Glynde and Beddingham is an amalgam of two civil parishes in the Lewes district of East Sussex.

Glynde

Beddingham

Governance
On a local level, Glynde and Beddingham is governed by Glynde and Beddingham Parish Council. Council meetings are held every two months in the Beddingham Reading Room. Their responsibilities include footpaths, street lighting, playgrounds and minor planning applications. The Parish Council has seven seats; four representing Glynde Parish and two representing Beddingham Parish. All but one seat were filled in the 2015 election. The vacancy was filled later in 2015 by co-option.

The next level of government is the District Council. The parish of Glynde and Beddingham lies within the Ouse Valley and Ringmer ward of Lewes District Council which returns three seats to the council. The election in May 2015 elected two conservative, Paul Gander and Richard Turner, and one Liberal Democrat, Peter Gardiner.

East Sussex County Council is the next tier of government, for which Glynde and Beddingham is within the Ouse Valley East division, with responsibility for Education, Libraries, Social Services, Civil Registration, Trading Standards and Transport. Elections for the County Council are held every four years.

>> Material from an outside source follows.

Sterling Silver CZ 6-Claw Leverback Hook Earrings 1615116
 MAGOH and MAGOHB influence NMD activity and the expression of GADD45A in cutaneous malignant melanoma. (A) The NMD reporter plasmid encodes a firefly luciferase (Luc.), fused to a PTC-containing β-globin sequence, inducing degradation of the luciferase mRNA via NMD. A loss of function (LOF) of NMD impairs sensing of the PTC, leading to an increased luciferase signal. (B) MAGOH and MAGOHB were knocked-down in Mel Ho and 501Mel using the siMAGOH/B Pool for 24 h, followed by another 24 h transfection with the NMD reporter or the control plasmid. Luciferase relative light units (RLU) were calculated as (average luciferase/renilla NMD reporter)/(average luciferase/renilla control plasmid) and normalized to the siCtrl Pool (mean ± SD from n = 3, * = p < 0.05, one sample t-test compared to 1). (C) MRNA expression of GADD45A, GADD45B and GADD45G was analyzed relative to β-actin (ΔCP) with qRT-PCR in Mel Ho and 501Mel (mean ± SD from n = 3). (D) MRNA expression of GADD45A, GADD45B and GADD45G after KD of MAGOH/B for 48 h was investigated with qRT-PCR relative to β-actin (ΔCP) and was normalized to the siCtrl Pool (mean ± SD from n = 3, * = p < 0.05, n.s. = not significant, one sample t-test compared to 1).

In 2013, Peter Charlton (UKIP) was elected to represent the Division.

The UK Parliament constituency for Glynde and Beddingham is Lewes. Conservative, Maria Caulfield, was elected as Member of Parliament for Lewes in May 2015 replacing Liberal Democrat Norman Baker who had been MP since 1997.

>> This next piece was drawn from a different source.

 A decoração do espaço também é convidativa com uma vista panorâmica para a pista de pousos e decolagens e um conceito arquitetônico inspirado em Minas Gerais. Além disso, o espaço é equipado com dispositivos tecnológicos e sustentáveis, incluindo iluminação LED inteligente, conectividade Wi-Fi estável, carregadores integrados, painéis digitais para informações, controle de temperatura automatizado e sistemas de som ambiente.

For European Parliamentary elections, Glynde and Beddingham is in the South East England European Constituency which is represented by ten Members of the European Parliament (MEPs). The June 2014 election returned four United Kingdom Independence Party, three Conservative Party, one Liberal Democrat Party, One Green Party, and one Labour Party MEPs.

Landmarks
There are five Sites of Special Scientific Interest (SSSI) within the parish. Firle Escarpment, which extends into the neighbouring parish of Firle. Another site, completely within the parish is Asham Quarry which is of geological interest due to its stratigraphy of Devensian and Flandrian deposits.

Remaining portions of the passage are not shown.